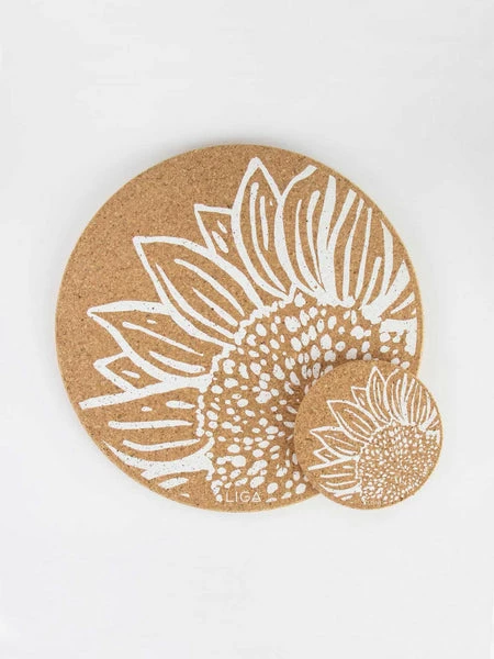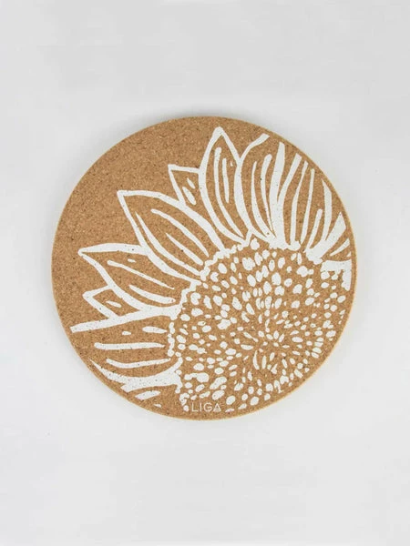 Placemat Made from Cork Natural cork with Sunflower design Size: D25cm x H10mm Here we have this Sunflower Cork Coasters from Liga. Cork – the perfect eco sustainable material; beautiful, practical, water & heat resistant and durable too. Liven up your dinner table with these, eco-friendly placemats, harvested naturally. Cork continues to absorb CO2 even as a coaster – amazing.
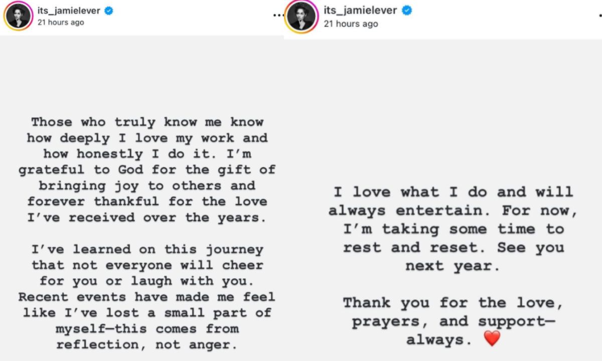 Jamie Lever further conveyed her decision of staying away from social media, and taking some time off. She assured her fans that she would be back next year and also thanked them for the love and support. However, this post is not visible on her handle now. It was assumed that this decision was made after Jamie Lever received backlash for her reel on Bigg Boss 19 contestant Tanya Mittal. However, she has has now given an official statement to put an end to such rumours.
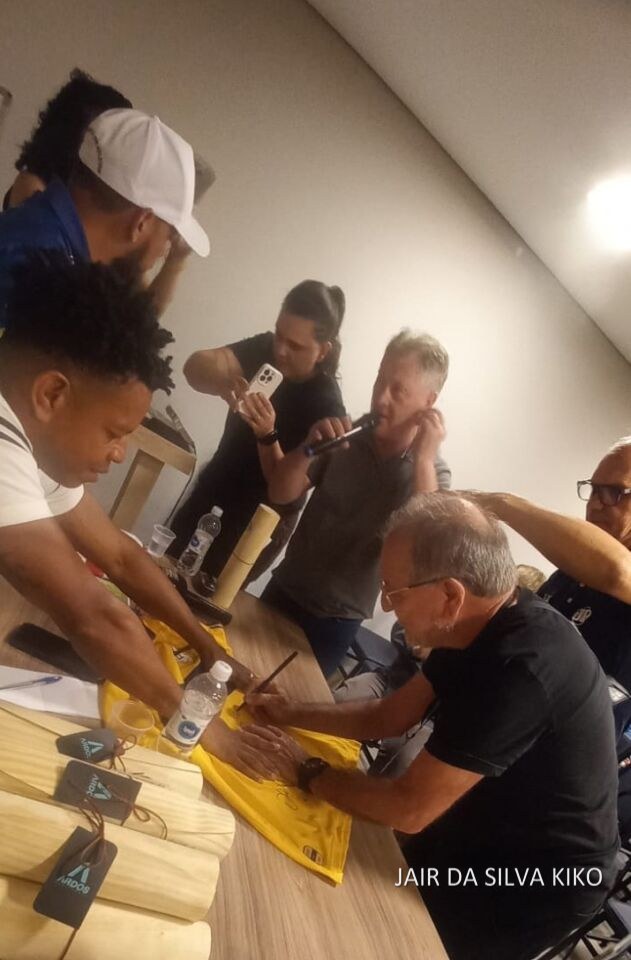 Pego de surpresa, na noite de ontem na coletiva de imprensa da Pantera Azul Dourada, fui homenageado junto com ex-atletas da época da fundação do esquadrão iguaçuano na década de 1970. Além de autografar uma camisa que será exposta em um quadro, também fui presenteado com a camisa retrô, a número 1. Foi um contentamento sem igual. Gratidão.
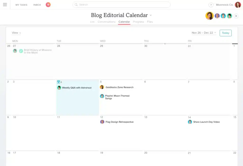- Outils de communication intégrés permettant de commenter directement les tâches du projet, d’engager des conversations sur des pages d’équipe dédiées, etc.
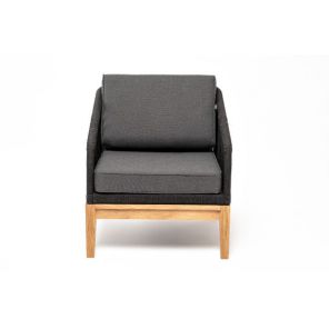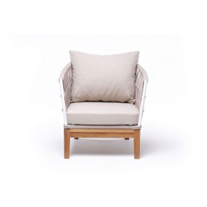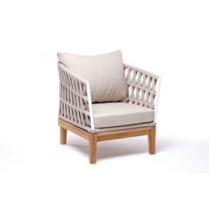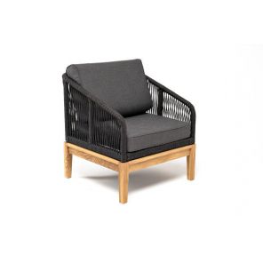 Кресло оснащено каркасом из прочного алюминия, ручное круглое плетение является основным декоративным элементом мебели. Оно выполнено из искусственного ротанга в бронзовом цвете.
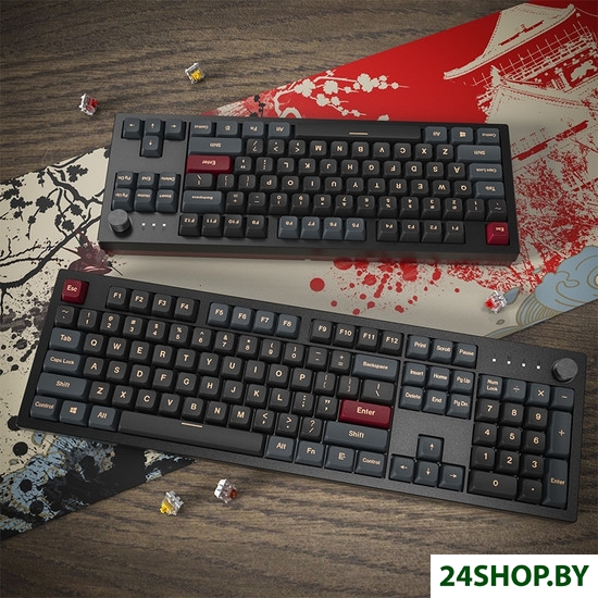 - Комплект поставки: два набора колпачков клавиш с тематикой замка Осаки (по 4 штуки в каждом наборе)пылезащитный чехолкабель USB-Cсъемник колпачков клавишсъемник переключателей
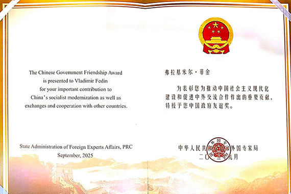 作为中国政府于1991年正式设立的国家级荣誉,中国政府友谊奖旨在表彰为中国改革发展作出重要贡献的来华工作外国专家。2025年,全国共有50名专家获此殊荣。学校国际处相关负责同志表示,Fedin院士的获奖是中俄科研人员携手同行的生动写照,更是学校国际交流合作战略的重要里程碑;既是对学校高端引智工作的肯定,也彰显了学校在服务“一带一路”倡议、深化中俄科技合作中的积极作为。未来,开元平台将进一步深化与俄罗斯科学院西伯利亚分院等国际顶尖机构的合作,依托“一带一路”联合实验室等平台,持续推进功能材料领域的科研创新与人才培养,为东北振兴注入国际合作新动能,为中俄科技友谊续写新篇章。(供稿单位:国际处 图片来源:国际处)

* * *

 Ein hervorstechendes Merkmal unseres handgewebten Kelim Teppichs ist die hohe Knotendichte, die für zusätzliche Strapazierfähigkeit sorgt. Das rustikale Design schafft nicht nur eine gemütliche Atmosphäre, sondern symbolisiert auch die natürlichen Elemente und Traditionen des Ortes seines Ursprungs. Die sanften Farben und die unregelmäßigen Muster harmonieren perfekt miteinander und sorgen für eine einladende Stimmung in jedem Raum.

* * *

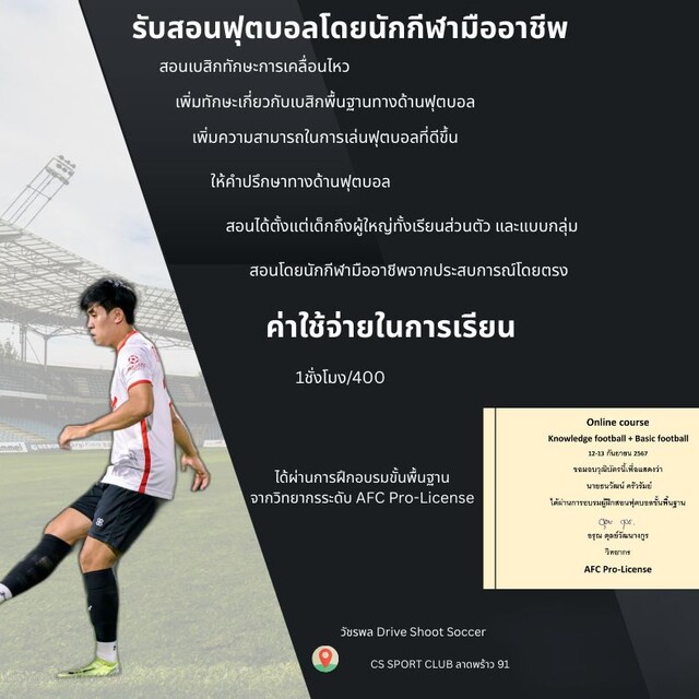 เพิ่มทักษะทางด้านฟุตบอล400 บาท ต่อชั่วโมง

Task directions:
Please print the lines above word for word, starting at the one with "- Outils de" and ending at the one with "作为中国政府于1991年正式", both included, and without any picture.

Result for this task:
- Outils de communication intégrés permettant de commenter directement les tâches du projet, d’engager des conversations sur des pages d’équipe dédiées, etc.
 Кресло оснащено каркасом из прочного алюминия, ручное круглое плетение является основным декоративным элементом мебели. Оно выполнено из искусственного ротанга в бронзовом цвете.
 - Комплект поставки: два набора колпачков клавиш с тематикой замка Осаки (по 4 штуки в каждом наборе)пылезащитный чехолкабель USB-Cсъемник колпачков клавишсъемник переключателей
 作为中国政府于1991年正式设立的国家级荣誉,中国政府友谊奖旨在表彰为中国改革发展作出重要贡献的来华工作外国专家。2025年,全国共有50名专家获此殊荣。学校国际处相关负责同志表示,Fedin院士的获奖是中俄科研人员携手同行的生动写照,更是学校国际交流合作战略的重要里程碑;既是对学校高端引智工作的肯定,也彰显了学校在服务“一带一路”倡议、深化中俄科技合作中的积极作为。未来,开元平台将进一步深化与俄罗斯科学院西伯利亚分院等国际顶尖机构的合作,依托“一带一路”联合实验室等平台,持续推进功能材料领域的科研创新与人才培养,为东北振兴注入国际合作新动能,为中俄科技友谊续写新篇章。(供稿单位:国际处 图片来源:国际处)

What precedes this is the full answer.